The only problem was that the partitions on the NAS are not labeled because they are identified with an encrypted key and not a name, so in order to get systems back online we had to pick a random partition, mount it to a server, and boot it up to see where it belonged (the process also included loading the software we have to load on the actual server drives to get the setup working correctly).

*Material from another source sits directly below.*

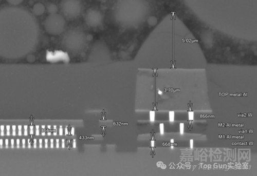 6、芯片去層:以干、濕蝕刻及研磨(Polishing)等方法去除各Metal層做逆向分析,用光學(xué)顯微鏡(50x~1500x)或電子顯微鏡拍攝(更大倍率),檢視是否有Metal Leakage或Burn Out、Metal Short等異常,且可利用電子顯微鏡做VC對(duì)照參考,判斷二次電子產(chǎn)生的亮暗異常。

So basically from Thursday evening to this morning (Saturday), all of our technicians did nothing except work non-stop mounting partitions to servers to get clients back online. One by one, clients came back online as they were connected to the correct server. To help get everything up ASAP, we also had to contract out with a 3rd party server administration team to work through the night and most of the day Friday (we use them from time to time and they are fully confident and trusted). This cost us over $3,000.

Our sincere apologies for the inconveniences we caused, we know they were harmful and annoying, and we truly are sorry. I do want to make the point though that this issue had nothing to do with us, and was all the fault of Seagate sending us over 100 bad hard drives (the model was apparently defective).

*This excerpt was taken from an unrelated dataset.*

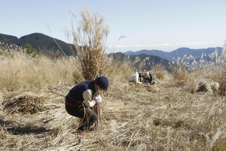 まず、材料の確保。屋根の1面を葺き替えるのに必要な茅束は1000束と言われています。多くの家が茅葺き屋根で、集落の共同の茅場があった昔と異なり、まずは茅場を探すところからはじまります。1回全部刈り倒し、2年目から使える茅を集めることができるようになります。

We will do everything in our power to make things easier for ProjectAvalon, including improving the uptime. We had everything perfect, we really did, until this had to happen.

So please, bear with us here, this could have happened to anyone and it was simply TPTB that caused it to happen to us.

Thank you for taking the time to read this post, and please enjoy your weekend :)

--
Karl

Swami
8th May 2010, 19:18
A big kiss from the Swami for all the hard work you put into AV2............

:kiss3::whistle:

haibane
8th May 2010, 19:22
Hi Karl and all the hosting technicians. I originally intended to write something, erm, sarcastic, but then decided not to as I don't know **** about what's going on, and there's no point anyway and wouldn't help to improve anything, so let me just say this: Thanks for bringing PA back, and good luck in teh future (^__^ )

Wood
8th May 2010, 19:50
This sounds entirely reasonable to me:

On Wednesday May 5th we noticed that several of our Seagate hard drives were failing in some of our development and testing servers. After further investigation, several client servers also had hard drives that were about to fail. Once we laid out the statistics, we became aware of the fact that all of the drives which were failing were of the same Seagate model. We used these drives in over 100 of our servers. The drives were not in critical stage yet, so we scheduled a maintenance window for Thursday May 6th and alerted all clients giving them 24 hour notice. We then proceeded to order an entire replacement of hard drives from Western Digital.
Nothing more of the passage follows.